Exercise directions: An exact transcription is needed of the lines below from the one with "南運鴻運的哥張紅兵榮獲202" through the one with "湯川沿いでは谷地坊主の色が変わり始めていました。", with no other lines and no pictures.

The data:
--- START ---
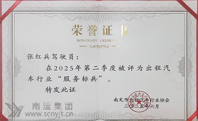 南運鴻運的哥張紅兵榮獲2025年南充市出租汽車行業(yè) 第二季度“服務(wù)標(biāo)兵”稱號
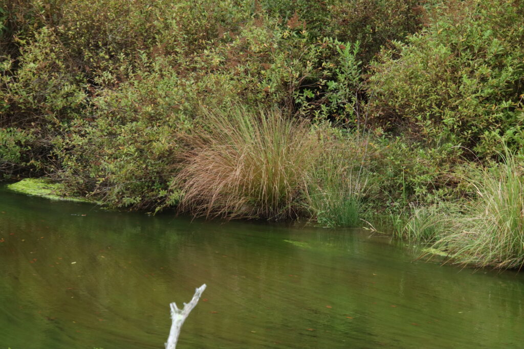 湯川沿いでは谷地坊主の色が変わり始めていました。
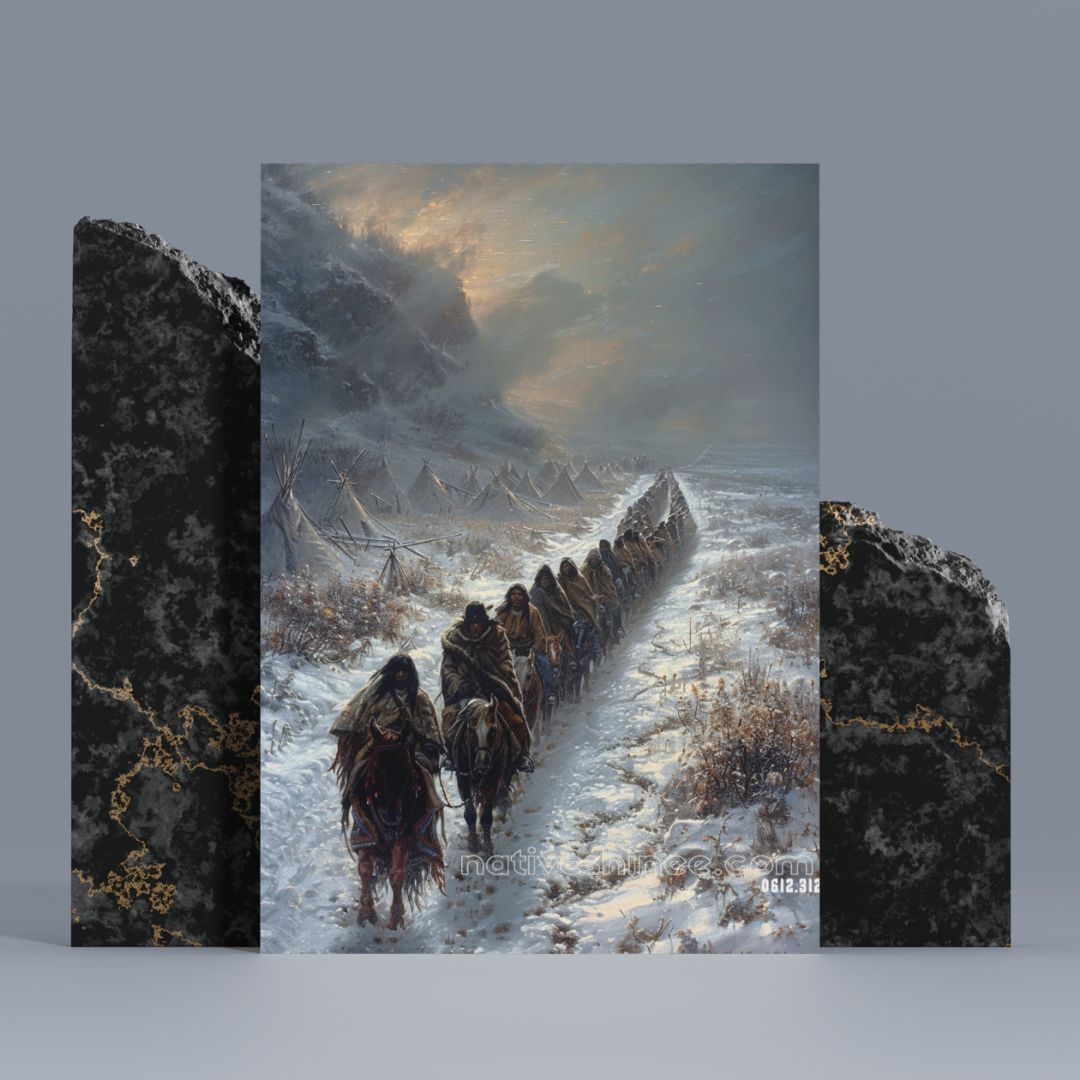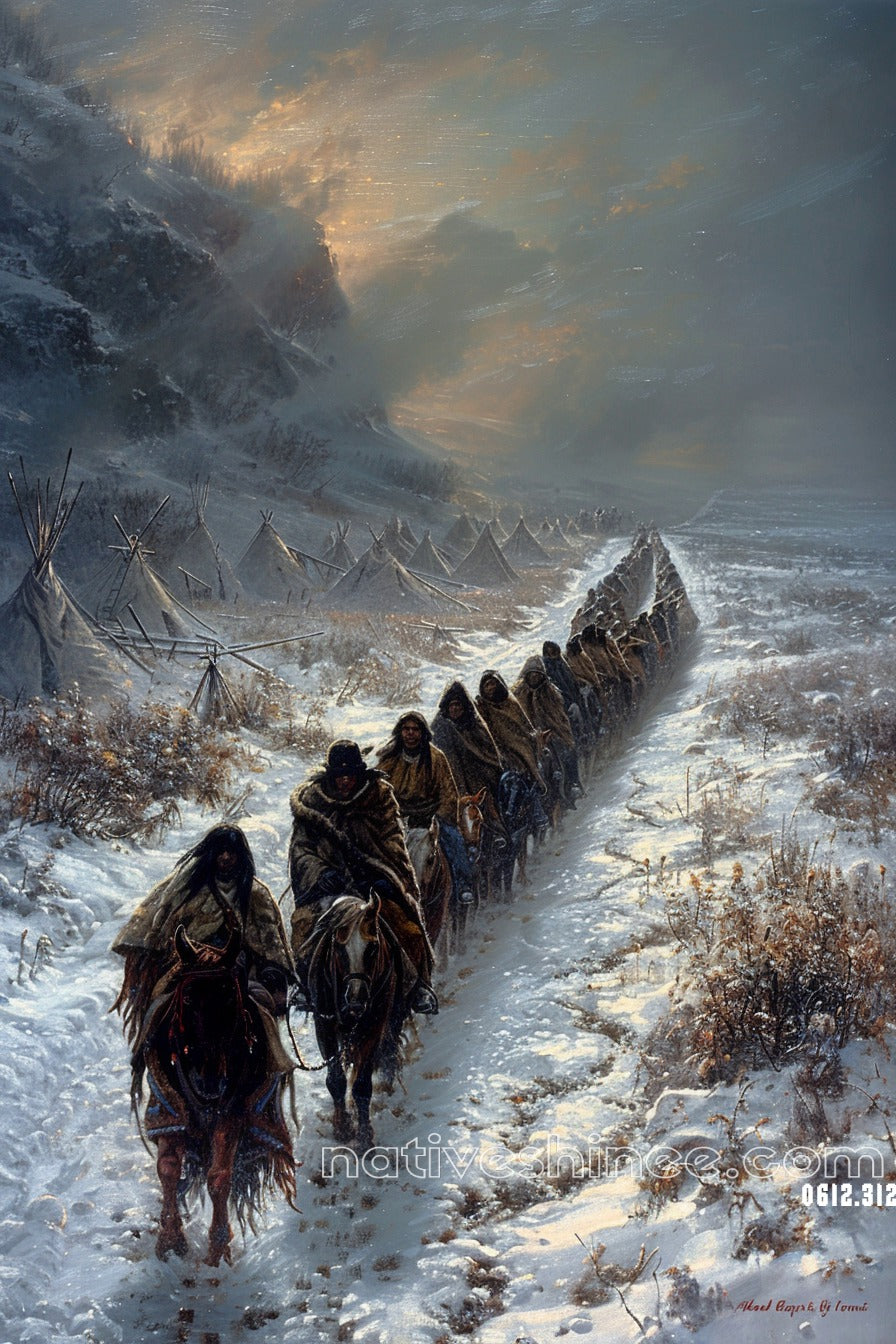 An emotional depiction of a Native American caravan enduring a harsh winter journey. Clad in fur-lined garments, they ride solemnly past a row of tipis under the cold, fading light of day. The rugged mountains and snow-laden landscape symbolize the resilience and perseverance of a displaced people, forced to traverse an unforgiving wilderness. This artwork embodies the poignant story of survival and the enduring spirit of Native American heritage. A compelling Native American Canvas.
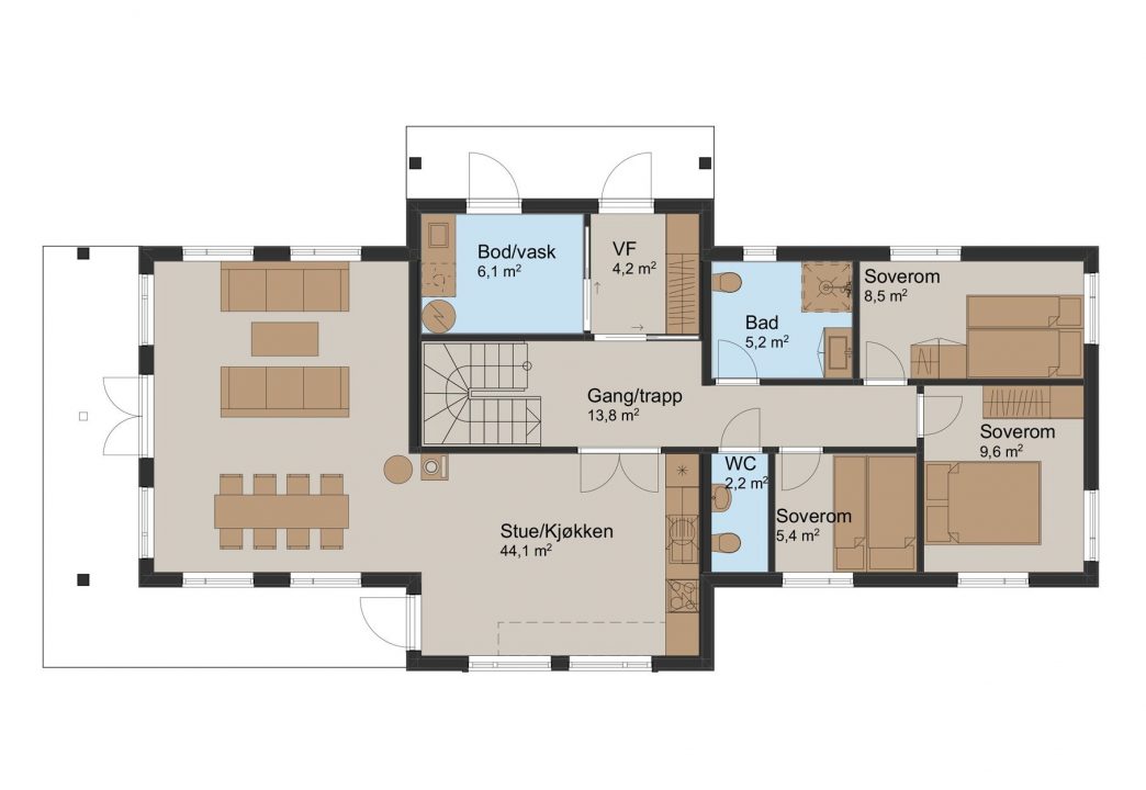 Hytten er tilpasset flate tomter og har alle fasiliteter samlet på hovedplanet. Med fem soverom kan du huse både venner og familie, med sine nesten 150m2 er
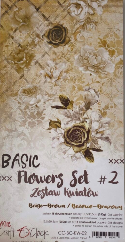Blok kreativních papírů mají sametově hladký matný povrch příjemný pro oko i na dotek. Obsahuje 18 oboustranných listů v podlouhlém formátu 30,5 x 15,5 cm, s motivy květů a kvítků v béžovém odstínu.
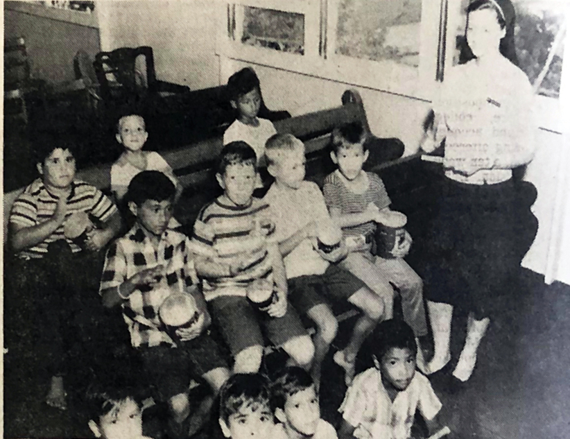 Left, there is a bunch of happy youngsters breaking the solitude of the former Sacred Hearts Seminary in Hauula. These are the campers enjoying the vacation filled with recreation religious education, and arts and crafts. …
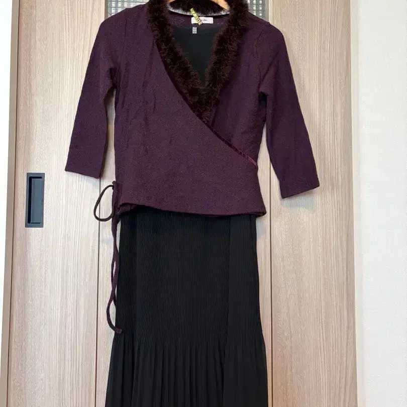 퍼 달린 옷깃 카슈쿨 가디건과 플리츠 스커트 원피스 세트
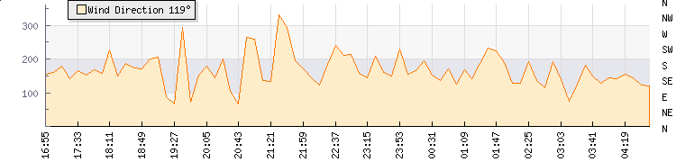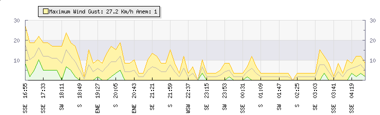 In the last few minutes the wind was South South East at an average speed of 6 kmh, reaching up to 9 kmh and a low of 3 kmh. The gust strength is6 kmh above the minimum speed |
--- END ---
--- START ---
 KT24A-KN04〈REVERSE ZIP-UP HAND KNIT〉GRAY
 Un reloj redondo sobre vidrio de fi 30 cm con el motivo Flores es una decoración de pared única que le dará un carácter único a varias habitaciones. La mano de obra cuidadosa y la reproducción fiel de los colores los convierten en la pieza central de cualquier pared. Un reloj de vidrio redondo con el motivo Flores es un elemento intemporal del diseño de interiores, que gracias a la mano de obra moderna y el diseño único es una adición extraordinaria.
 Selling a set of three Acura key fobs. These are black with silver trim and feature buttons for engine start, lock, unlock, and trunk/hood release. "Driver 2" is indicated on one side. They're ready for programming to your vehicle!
--- END ---
--- START ---
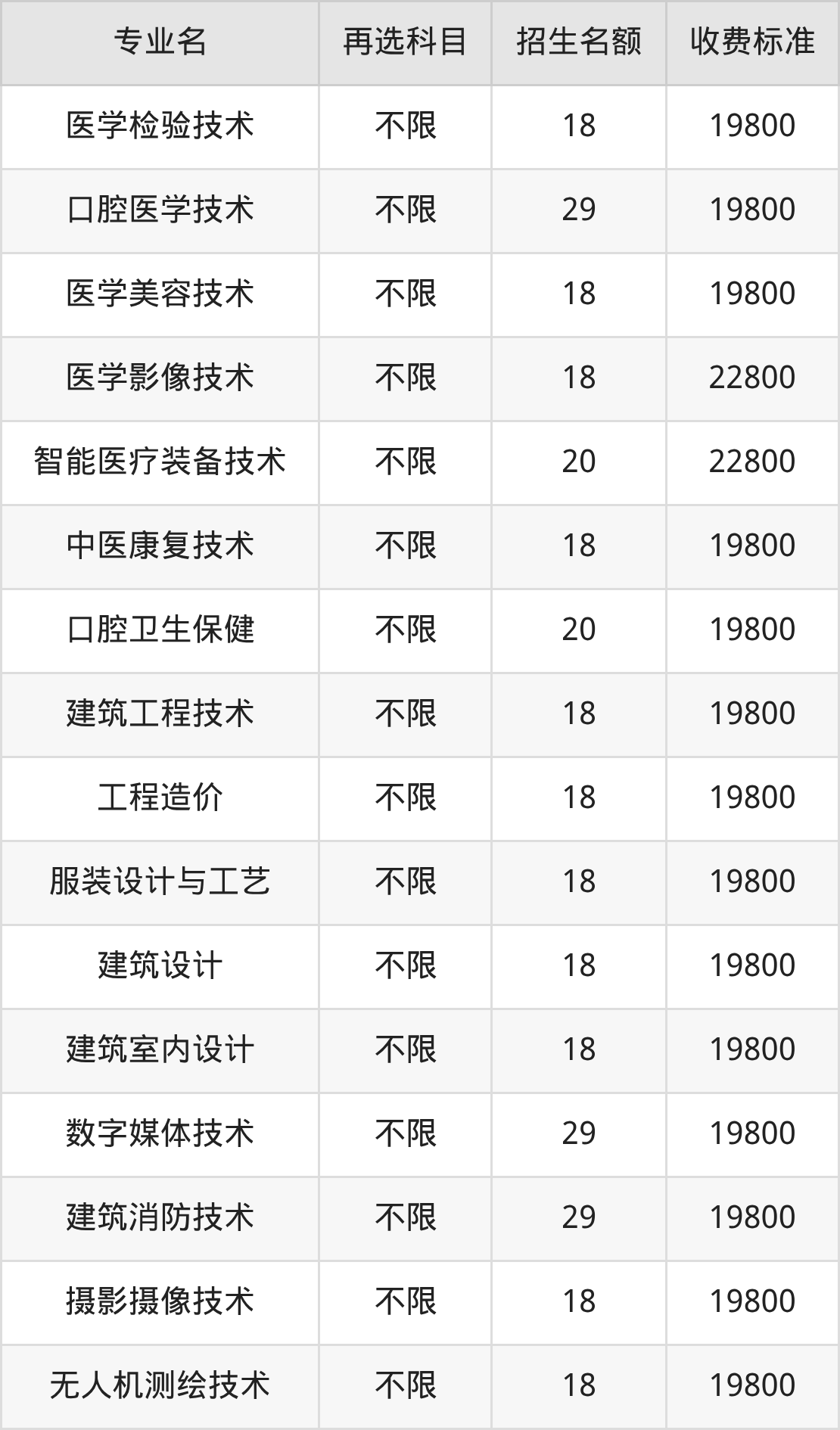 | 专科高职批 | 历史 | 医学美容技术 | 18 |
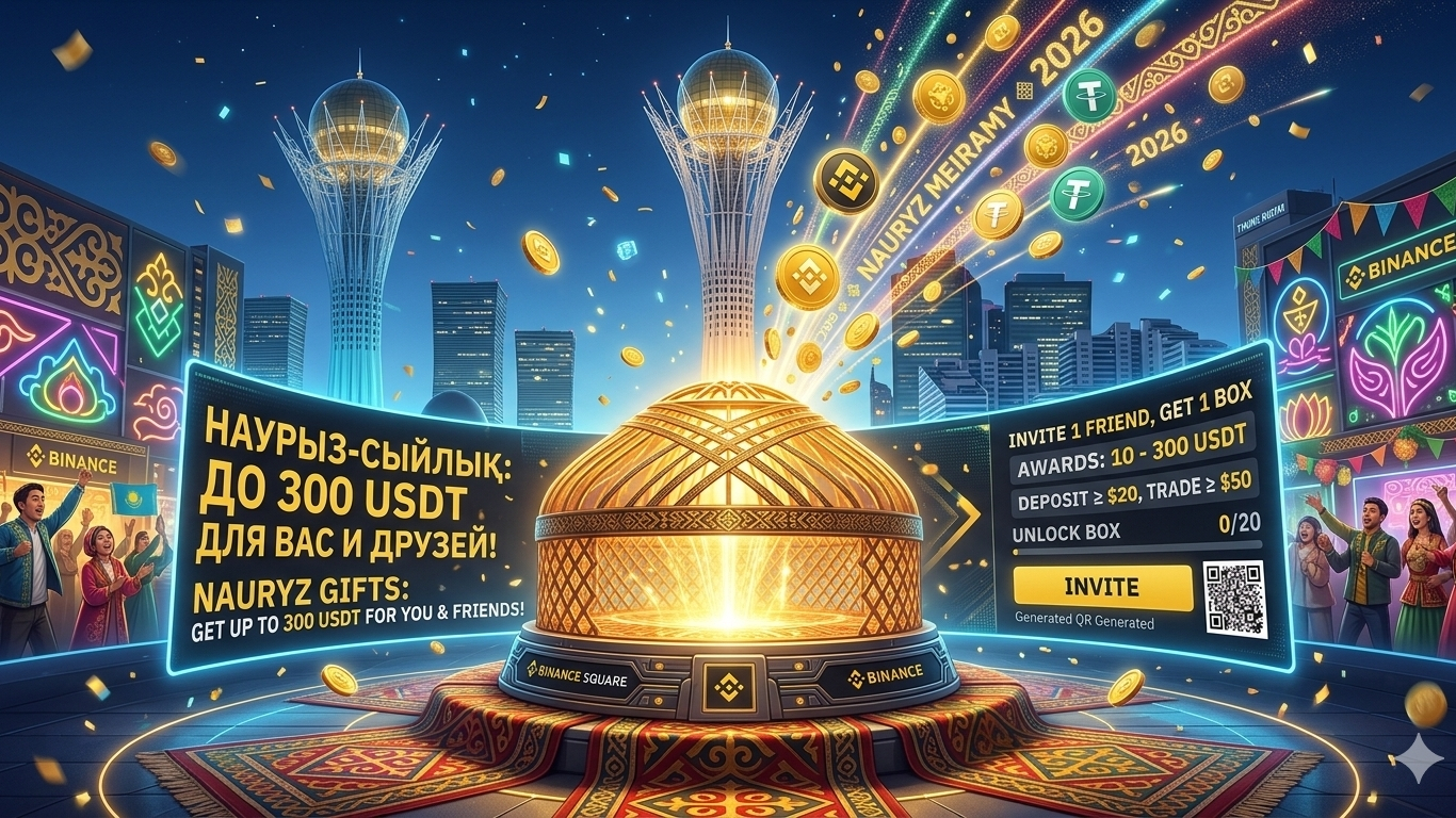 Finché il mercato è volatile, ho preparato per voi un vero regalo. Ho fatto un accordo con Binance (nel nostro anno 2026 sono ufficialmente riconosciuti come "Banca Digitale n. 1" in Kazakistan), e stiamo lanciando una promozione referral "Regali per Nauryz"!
--- END ---
Solution:
 南運鴻運的哥張紅兵榮獲2025年南充市出租汽車行業(yè) 第二季度“服務(wù)標(biāo)兵”稱號
 湯川沿いでは谷地坊主の色が変わり始めていました。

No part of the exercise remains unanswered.